SÄUGETIER-TRANSKRIPTOM-KOMPLEXITÄT CHARAKTERISIEREN Buchkatalog

In meiner Doktorarbeit beschrieb ich eine groß angelegte RT-PCR- und Klonierungspipeline, die ich entwickelt habe, um mehrere tausend cDNA-Klone von Säugetieren (hauptsächlich Menschen und Mäuse) in voller Länge für die NHGRI/NCI-Sammlung von Säugetiergenen zu erhalten. Zu diesem Zeitpunkt waren die Schichten der Säugetiertranskriptom-Komplexität noch nicht vollständig konzipiert.
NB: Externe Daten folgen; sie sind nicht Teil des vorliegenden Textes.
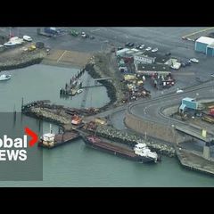 | Aerial footage shows scale of oil leak into southern England harbour |
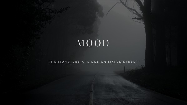In “The Monsters Are Due on Maple Street,” by Rod Serling, a neighborhood falls to paranoia when some electrical devices behave strangely. Analyzing the mood of a drama will help the reader to understand the setting and how the characters are feeling, to make connections to themes or messages in the text. Let’s look at how one reader analyzes mood in the text:
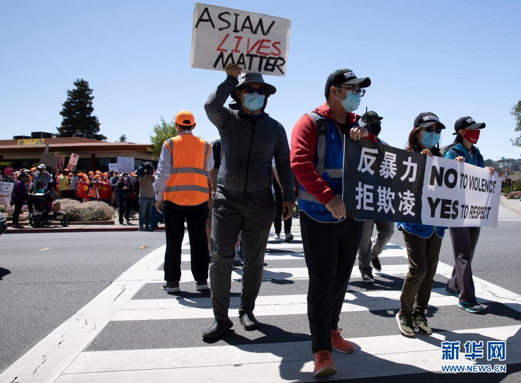当日,民众在美国加利福尼亚州旧金山湾区米尔布雷市举行集会,抗议针对亚裔的歧视行为和仇恨犯罪。
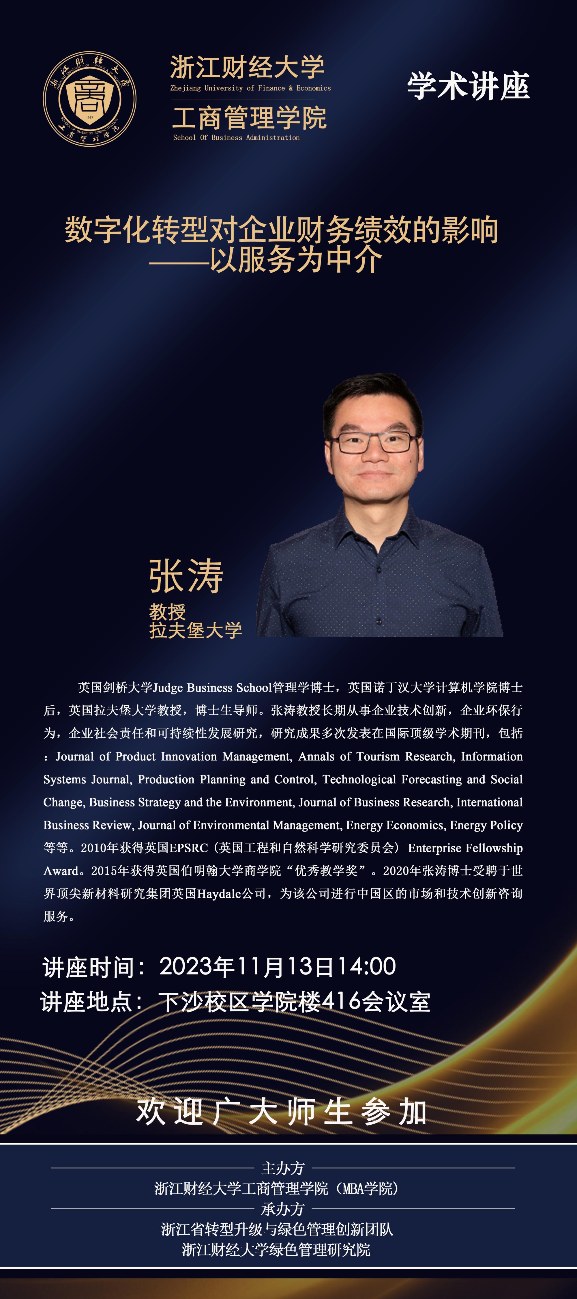 【讲座预告】张涛教授: 数字化转型对企业财务绩效的影响——以服务为中介
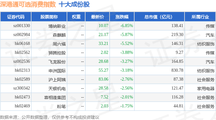 证券之星消息,12月19日,深港通可选消费(983019)指数报收于5591.26点,涨1.3%,成交1293.25亿元,换手率1.96%。当日该指数成份股中,上涨的有247家,佑驾创新以31.22%的涨幅领涨,下跌的有56家,博纳影业以6.85%的跌幅领跌。
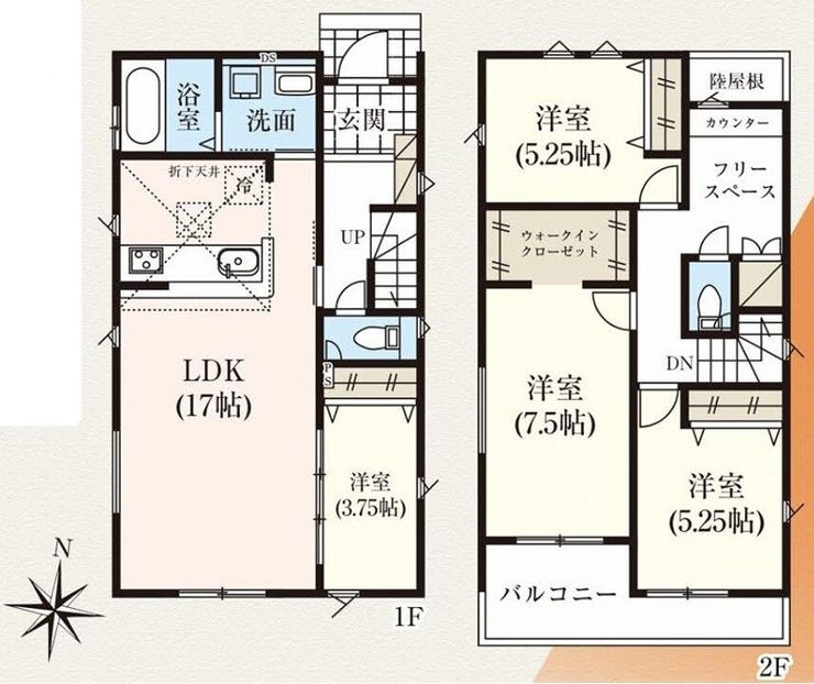 ■駐車スペース2台分■対面式キッチン■カウンター付きフリースペース■主寝室にウォークインクローゼット
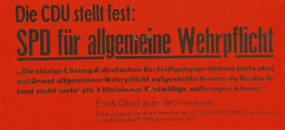 Der sich verschärfende Kalte Krieg und der Ausbruch des Korea-Krieges 1950, der als Bedrohung Westeuropas aufgenommen wurde, gaben den Gedanken um einen deutschen Verteidigungsbeitrag (nicht zuletzt auch im Zusammenhang mit den Bemühungen um die staatliche Souveränität) Auftrieb. Diese Gedanken führten in den nächsten Jahren zu heftigsten innenpolitischen Diskussionen, nicht zuletzt vor dem Hintergrund des Zweiten Weltkrieges und der Erfahrungen der nationalsozialistischen Gewaltherrschaft. Auch innerhalb der CDU gab es Bedenken, wie es beispielsweise Eugen Gerstenmaier in der Debatte um das Wehrergänzungsgesetz kundtat.
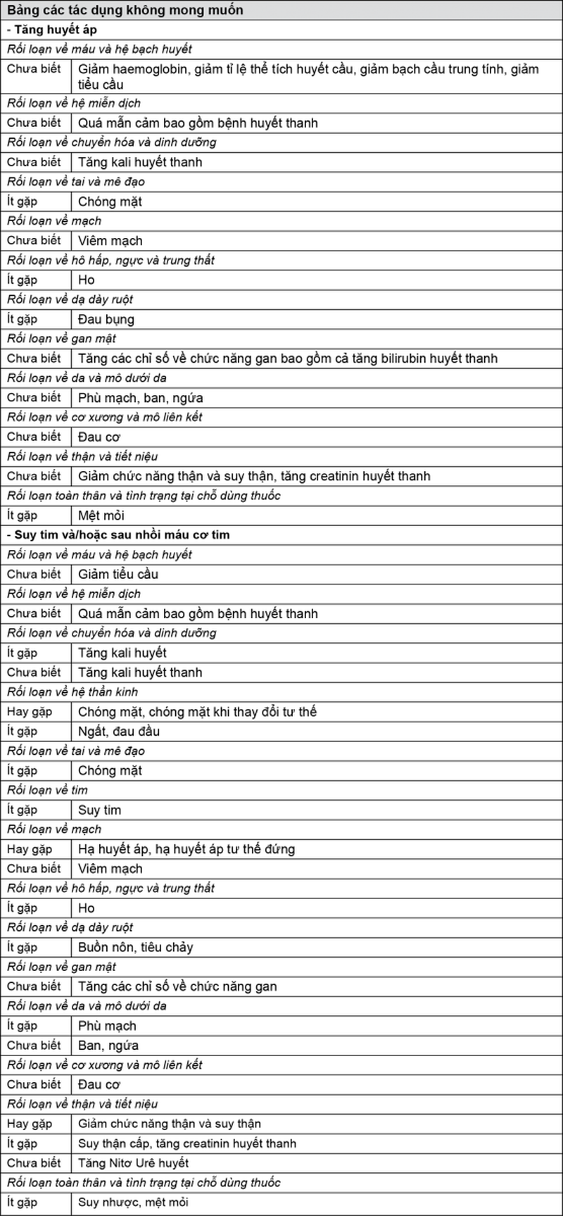 Đối với các phản ứng phụ được báo cáo từ kinh nghiệm hậu mãi và các kết quả cận lâm sàng không thể sắp xếp vào bất cứ tần suất phản ứng phụ nào và do đó chúng được đề cập với tần suất “chưa biết”.
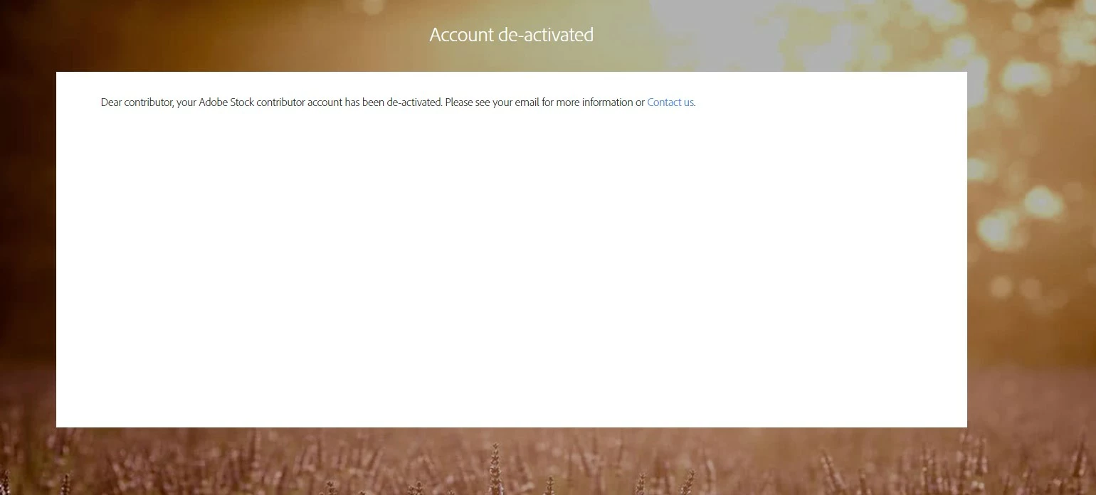 On 11 March my Adobe contributor account was de-activated without mentioning any reason, and the worst part about Adobe is not giving enough support, particularly to the contributor account holder, I have already sent an email to the support team but still haven't got the answer or any other support from them. one thing I want know that is it possible to get back that >

In diesem Projekt beschäftigte ich mich intensiv mit strategischen und konzeptuellen Fragen der Charakterisierung der Transkriptomkomplexität auf verschiedenen Ebenen. Mit Hilfe der RT-PCR-Pipeline in Kombination mit Genvorhersage-Algorithmen, die vergleichende genomische Informationen nutzen, gelang es uns, neue Säugetiergene wie Homologe menschlicher Krankheitsgene in voller Länge aus Ratten zu identifizieren und experimentell zu verifizieren. Darüber hinaus untersuchte ich die Transkriptomkomplexität einschließlich SNPs und alternatives Spleißen in Leukämieproben mittels quantitativer PCR, und wir entwickelten eine Spurenanalyse-Technologie zur Identifizierung mehrerer alternativ gespleißter Transkripte in einer einzigen Sequenzierungsreaktion. Meine Ergebnisse legten nahe, dass alternativ gespleißte Transkripte eine krebstypspezifische Auf- oder Abwärtsregulation zeigen, und das Verhältnis der alternativ gespleißten Isoformen könnte dem Krebsmechanismus zugrunde liegen.